======== EXTRACTED ENTRIES

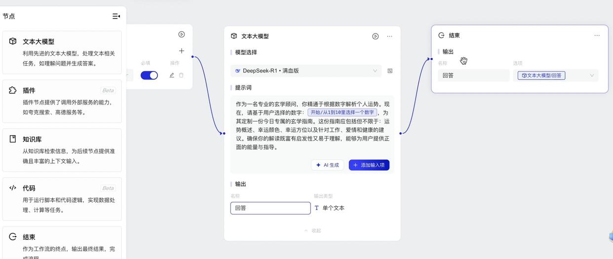 然后插入「文本大模型」节点,在「模型选择」中选择 DeepSeek R1 满血版,也可以切换其他模型。
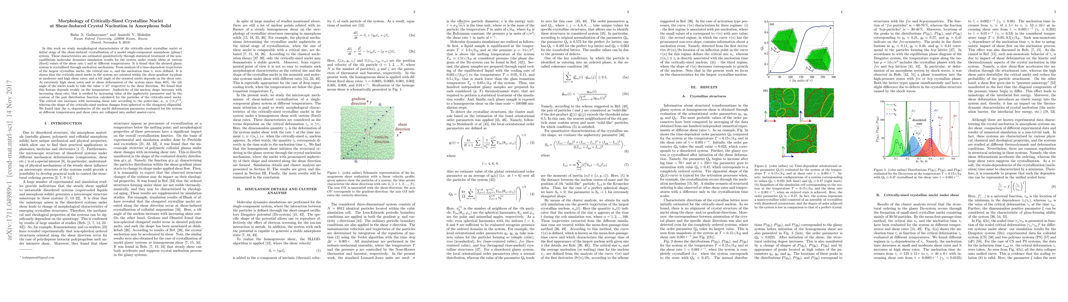 In this work we study morphological characteristics of the critically-sized crystalline nuclei at initial stage of the shear-induced crystallization of a model single-component amorphous (glassy) system. These characteristics are estimated quantitatively through statistical treatment of the non-equilibrium molecular dynamics simulation results for the system under steady shear at various (fixed) values of the shear rate $\dot\gamma$ and at different temperatures. It is found that the sheared glassy system is crystallized through nucleation mechanism. From analysis of a time-dependent trajectories of the largest crystalline nuclei, the critical size $n_{c}$ and the nucleation time $\tau_{c}$ were defined. It is shown that the critically-sized nuclei in the system are oriented within the shear-gradient $xy$-plane at moderate and high shear rates; and a tilt angle of the oriented nuclei depends on the shear rate. At extremely high shear rates and at shear deformation of the system more than $60$\%, the tilt angle of the nuclei tends to take the value $\simeq45^\circ$ respective to the shear direction. We found that this feature depends weakly on the temperature. Asphericity of the nucleus shape increases with increasing shear rate, that is verified by increasing value of the asphericity parameter and by the contour of the pair distribution function calculated for the particles of the critically-sized nuclei. The critical size increases with increasing shear rate according to the power-law, $n_{c}\propto(\dot\gamma\tau_{c})^{1/3}$, whereas the shape of the critically-sized nucleus changes from spherical to the elongated ellipsoidal. We found that the $n_{c}$-dependencies of the nuclei deformation parameter evaluated for the system at different temperatures and shear rates are collapsed into unified master-curve.
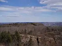 View looking south from the top of West Peak in Meriden, Connecticut. Sleeping Giant State Park can be seen.
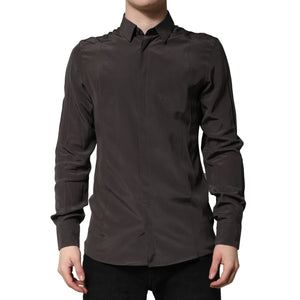 Dolce & Gabbana Dark Brown Silk GOLD Men Dress Formal Shirt
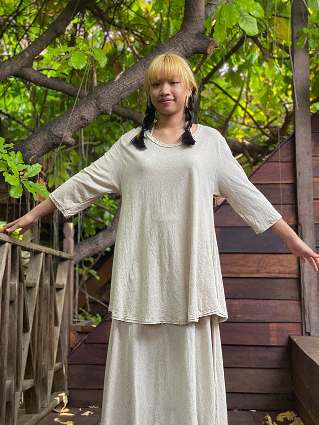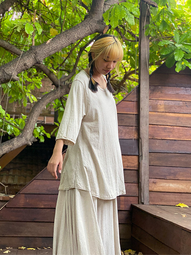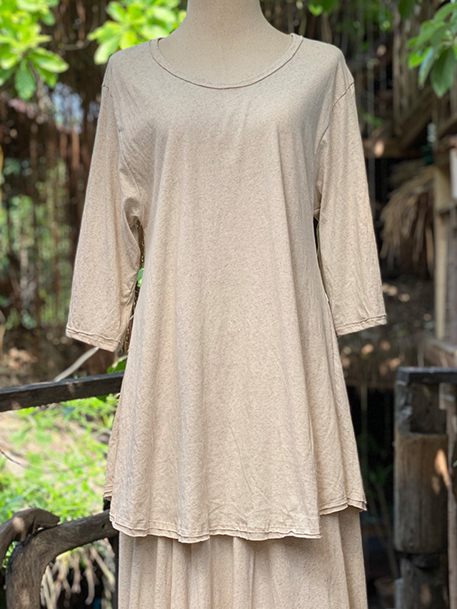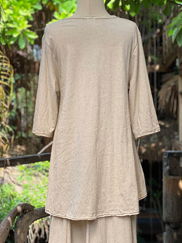 asana ヘンプコットン 薄手 ゆったり 7分袖 チュニック・草木染め
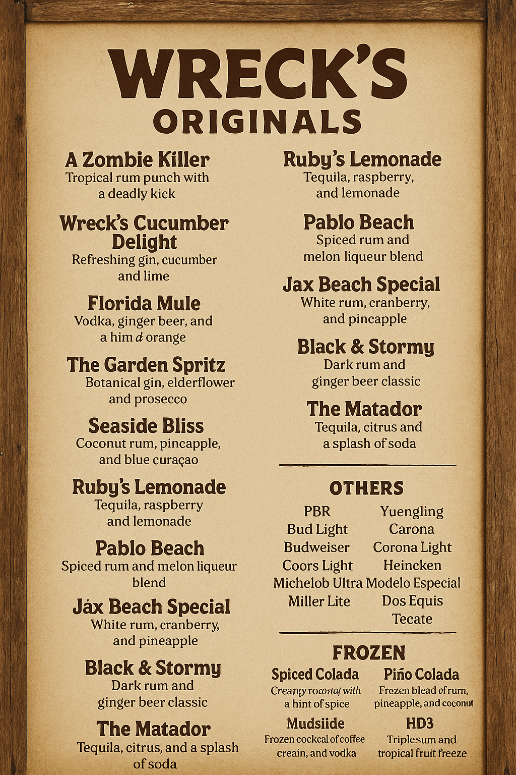 MENUEVENTSGALARYCONTACTWhat's Next?Haze BrothersLive at the WreckOct 5, 2025 5:00pm – 8:00pmThe Wreck Tiki Lounge The Wreck Tiki Lounge401 1st St N, Jacksonville Beach, FL 32250 The Wreck Tiki Lounge401 1st St N, Jacksonville Beach, FL 32250Bar and LoungeJoin us at The Wreck Tiki Lounge for crafted cocktails, live DJs, and unforgettable island vibes every day and night!About Us
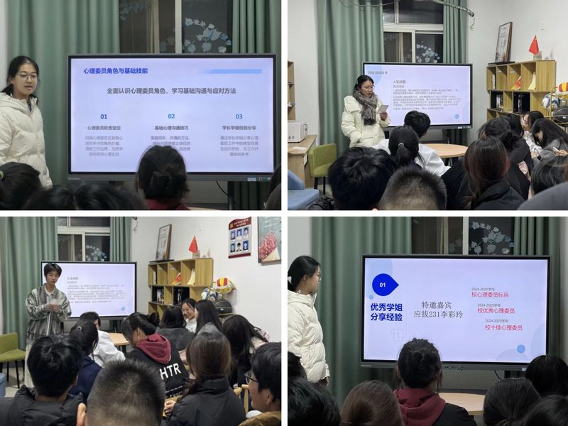 为加强班级心理委员队伍建设,提升朋辈辅导能力与工作实效,11月23日晚,第一版主 在学院好“室”光 “化”家常一站式学生社区举办了心理委员经验分享会暨技能培训活动。本次培训邀请到校心理委员标兵、校优秀心理委员、校十佳心理委员获得者应拔231李彩玲作经验分享。2025级全体心理委员参加培训。
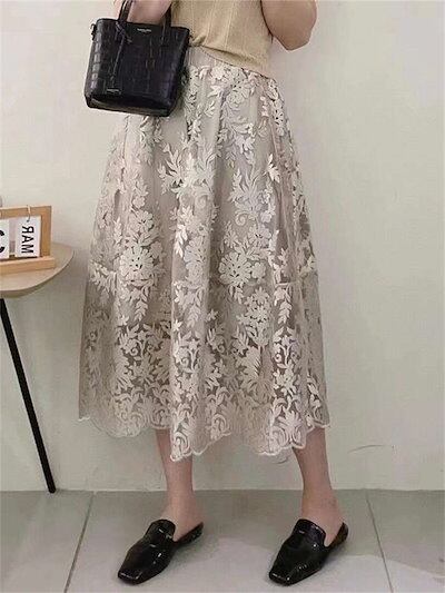 ロングスカート レディース 春 夏 秋 刺繍スカート チュールスカート ロング ボトムス マキシスカート スカート 大人 スカート レース 体型カバー フレア 裏地あり ウエストゴム フレアスカート
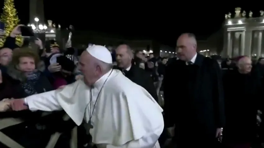 El manotazo del papa Francisco a una mujer que lo retenía con fuerza durante la noche vieja en la plaza de San Pedro desató todo un debate este jueves sobre los peligros que corre el pontífice argentino durante los actos multitudinarios. El incidente, cuyas imágenes han dado la vuelta al mundo, no sólo muestran al Papa muy irritado sino que también han puesto en cuestión el esquema de seguridad para protegerlo.
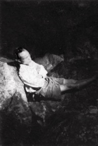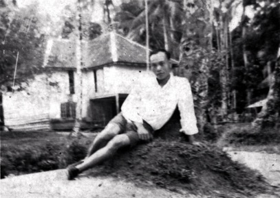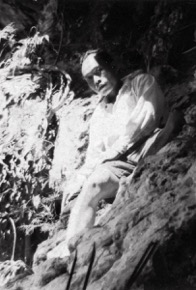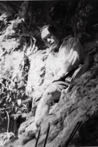 Portrait of Paka anak Otor leaning against a ?limestone cav…
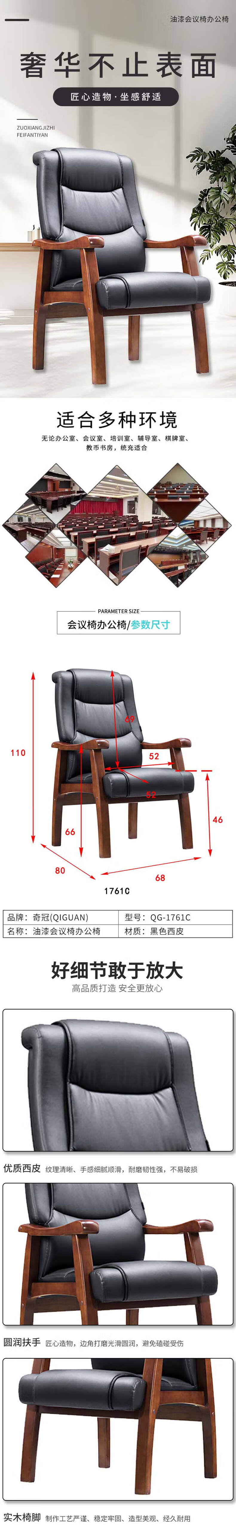 • 奇冠 QG-1761C 办公椅  油漆会议椅 黑色西皮按(把)销售
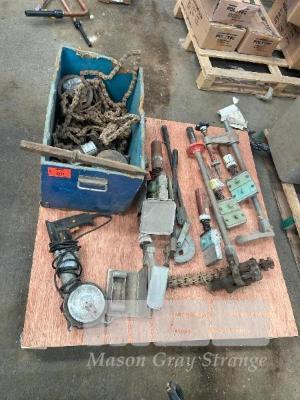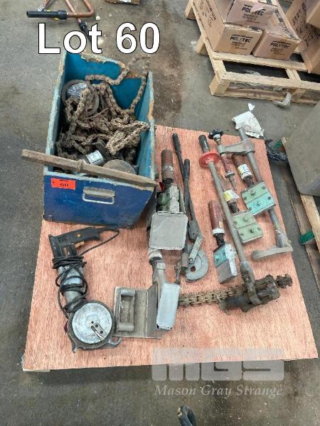 ASSORTED TOOLS, PIPE CUTTER, 240V, TUBE BENDERS, CHAIN CLAMPS, 1 x PALLET
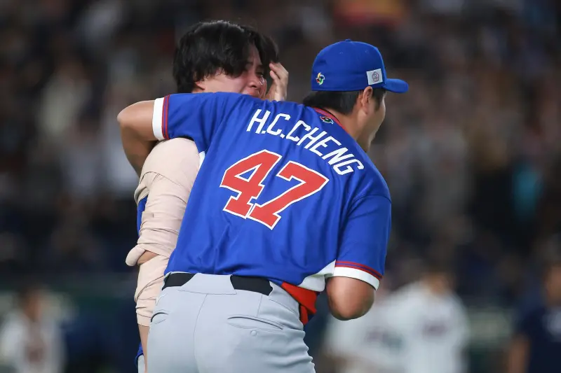 中華隊征戰WBC世界棒球經典賽,歷經延長賽10局,5:4驚險擊敗韓國,贏球瞬間轉播畫面其中一個視角,拍攝到中華隊球員衝上場慶祝,本場也有登板的21歲年輕小將孫易磊,壓力釋放跪地痛哭,一旁的學長鄭浩均看到後獻上擁抱,隨後扶著他一起跑上球場,成為昨天場邊最暖心一幕,影片在Threads上瘋傳,3.5萬位球迷都感動地說,「每個旅外的人都很孤獨,和自己人一起贏球還是不一樣!」、「一度以為要公主抱」
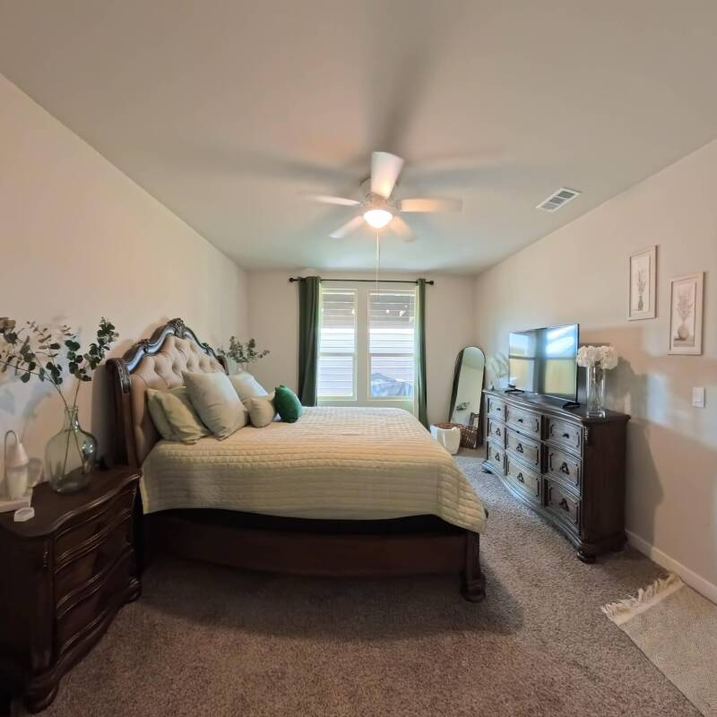 Morning Glow: Wake up to the gentle Texas sun. The expansive windows ensure this room is always bright, airy, and full of positive energy.

================

→ **YOUR TASK**: Restate the entries verbatim and exclude any pictures.

→ **SOLVED EXERCISE**:
 然后插入「文本大模型」节点,在「模型选择」中选择 DeepSeek R1 满血版,也可以切换其他模型。
 In this work we study morphological characteristics of the critically-sized crystalline nuclei at initial stage of the shear-induced crystallization of a model single-component amorphous (glassy) system. These characteristics are estimated quantitatively through statistical treatment of the non-equilibrium molecular dynamics simulation results for the system under steady shear at various (fixed) values of the shear rate $\dot\gamma$ and at different temperatures. It is found that the sheared glassy system is crystallized through nucleation mechanism. From analysis of a time-dependent trajectories of the largest crystalline nuclei, the critical size $n_{c}$ and the nucleation time $\tau_{c}$ were defined. It is shown that the critically-sized nuclei in the system are oriented within the shear-gradient $xy$-plane at moderate and high shear rates; and a tilt angle of the oriented nuclei depends on the shear rate. At extremely high shear rates and at shear deformation of the system more than $60$\%, the tilt angle of the nuclei tends to take the value $\simeq45^\circ$ respective to the shear direction. We found that this feature depends weakly on the temperature. Asphericity of the nucleus shape increases with increasing shear rate, that is verified by increasing value of the asphericity parameter and by the contour of the pair distribution function calculated for the particles of the critically-sized nuclei. The critical size increases with increasing shear rate according to the power-law, $n_{c}\propto(\dot\gamma\tau_{c})^{1/3}$, whereas the shape of the critically-sized nucleus changes from spherical to the elongated ellipsoidal. We found that the $n_{c}$-dependencies of the nuclei deformation parameter evaluated for the system at different temperatures and shear rates are collapsed into unified master-curve.
 View looking south from the top of West Peak in Meriden, Connecticut. Sleeping Giant State Park can be seen.
 Dolce & Gabbana Dark Brown Silk GOLD Men Dress Formal Shirt
 asana ヘンプコットン 薄手 ゆったり 7分袖 チュニック・草木染め
 MENUEVENTSGALARYCONTACTWhat's Next?Haze BrothersLive at the WreckOct 5, 2025 5:00pm – 8:00pmThe Wreck Tiki Lounge The Wreck Tiki Lounge401 1st St N, Jacksonville Beach, FL 32250 The Wreck Tiki Lounge401 1st St N, Jacksonville Beach, FL 32250Bar and LoungeJoin us at The Wreck Tiki Lounge for crafted cocktails, live DJs, and unforgettable island vibes every day and night!About Us
 为加强班级心理委员队伍建设,提升朋辈辅导能力与工作实效,11月23日晚,第一版主 在学院好“室”光 “化”家常一站式学生社区举办了心理委员经验分享会暨技能培训活动。本次培训邀请到校心理委员标兵、校优秀心理委员、校十佳心理委员获得者应拔231李彩玲作经验分享。2025级全体心理委员参加培训。
 ロングスカート レディース 春 夏 秋 刺繍スカート チュールスカート ロング ボトムス マキシスカート スカート 大人 スカート レース 体型カバー フレア 裏地あり ウエストゴム フレアスカート
 El manotazo del papa Francisco a una mujer que lo retenía con fuerza durante la noche vieja en la plaza de San Pedro desató todo un debate este jueves sobre los peligros que corre el pontífice argentino durante los actos multitudinarios. El incidente, cuyas imágenes han dado la vuelta al mundo, no sólo muestran al Papa muy irritado sino que también han puesto en cuestión el esquema de seguridad para protegerlo.
 Portrait of Paka anak Otor leaning against a ?limestone cav…
 • 奇冠 QG-1761C 办公椅  油漆会议椅 黑色西皮按(把)销售
 ASSORTED TOOLS, PIPE CUTTER, 240V, TUBE BENDERS, CHAIN CLAMPS, 1 x PALLET
 中華隊征戰WBC世界棒球經典賽,歷經延長賽10局,5:4驚險擊敗韓國,贏球瞬間轉播畫面其中一個視角,拍攝到中華隊球員衝上場慶祝,本場也有登板的21歲年輕小將孫易磊,壓力釋放跪地痛哭,一旁的學長鄭浩均看到後獻上擁抱,隨後扶著他一起跑上球場,成為昨天場邊最暖心一幕,影片在Threads上瘋傳,3.5萬位球迷都感動地說,「每個旅外的人都很孤獨,和自己人一起贏球還是不一樣!」、「一度以為要公主抱」
 Morning Glow: Wake up to the gentle Texas sun. The expansive windows ensure this room is always bright, airy, and full of positive energy.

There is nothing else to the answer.